What...you really thought that indecency on the airwaves wouldn’t become an issue for Congress? While most of the attention in the past few years has been paid to radio—thanks to Howard Stern, Bubba the Love Sponge, and Opie and Anthony—Bono and Janet Jackson shifted that attention to television.
The main problem is the fundamental difference between these two management questions:
1) Can we get away with this?
2) What can we get away with?
Of course, the industry is now pushing hard for voluntary NAB Code of Conduct-like action. Why now? Because government regulation is right around the corner.

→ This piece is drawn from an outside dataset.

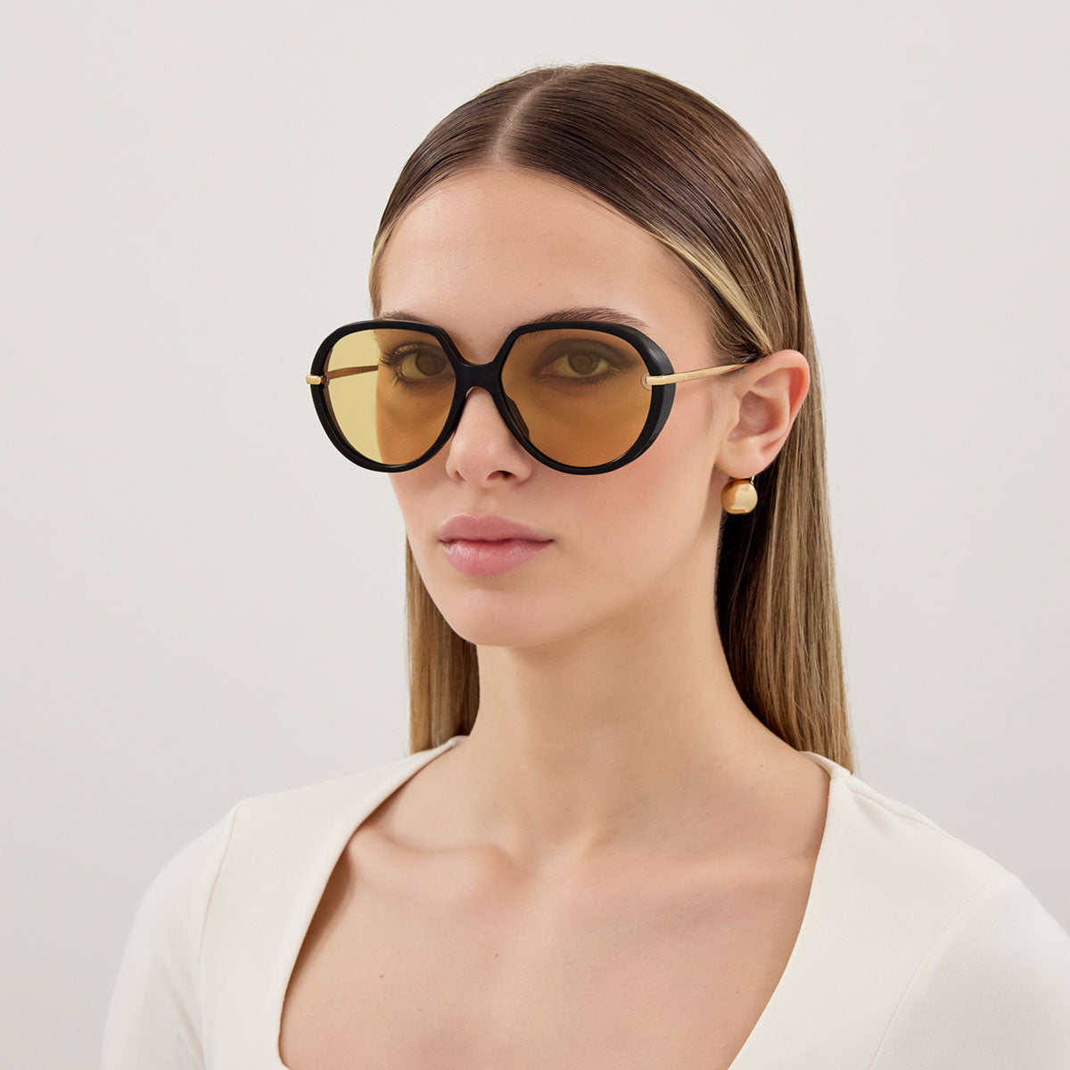Bottega Veneta presenta gli occhiali da sole BV1436S, una montatura rotonda oversize dallo stile inconfondibilmente vintage. Il design iconico è arricchito da un’apertura a goccia sul terminale, elemento distintivo che esalta l'estetica raffinata del modello. Il musetto in metallo abbraccia elegantemente il frontale, passando attraverso un foro nelle lenti, e si completa con un piccolo spoiler laterale per un tocco contemporaneo e sofisticato. Un accessorio audace, perfetto per chi cerca originalità e alta artigianalità.
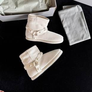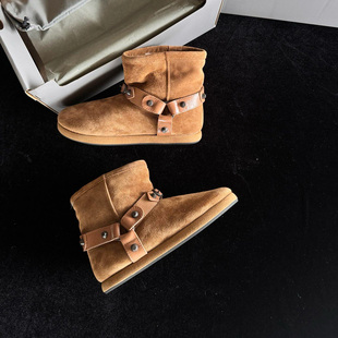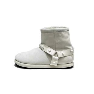 厚底防滑短筒马丁靴女 加绒加厚保暖棉鞋 复古真皮雪地靴女新款 冬季

Why have broadcasters waited until now to realize that they had a problem with indecency? Did a light suddenly come on in the collective head of the broadcast industry when legislators got pissed? Did broadcasters suddenly realize they were doing something wrong? Just because the government said it was wrong now doesn’t mean it wasn’t wrong before the government noticed.
Recently, I heard a Clear Channel jock complain that he had to tone down his show because of “new” corporate restrictions.
Restrictions my ass. It seems that while a $27,500 fine was palatable and a merely considered a “business risk,” $275,000 or more is not. This has nothing to do with what broadcasters think is right or wrong, or with restricting content. It’s about fear over a potential astronomical fine.
It’s simple. For the most part, broadcasters who were pushing the content envelope did not bother to take responsibility for the wrath their actions incurred. They got away with pushing the envelope...until the envelope pushed back.
Given the chance, the television networks would love to air content that could compete on an even playing field with HBO and Showtime. But they can’t, because they use the public airwaves. With 100% cable/satellite penetration, I’m sure that the broadcast networks would be more than happy to turn in their O&O broadcast licenses and compete with the cable networks.
And for the record, the Janet Jackson incident was not obscene. In bad taste? Sure. Indecent? OK. But not obscene.
So what exactly is obscene? There’s a three-part test in the U.S. Supreme Court ruling from “Miller vs. California” that helps answer that question:
First, an average person applying contemporary community standards would have to find the work as a whole appealing to prurient interest. Next, the material must offensively depict or describe “sexual conduct specifically defined by the applicable state law.” Finally, the work as a whole can’t have “serious literary, artistic, political, or scientific value.”
When it comes to Janet Jackson, not all might agree her “work” has serious artistic value. But that’s your opinion. It doesn’t make it obscene.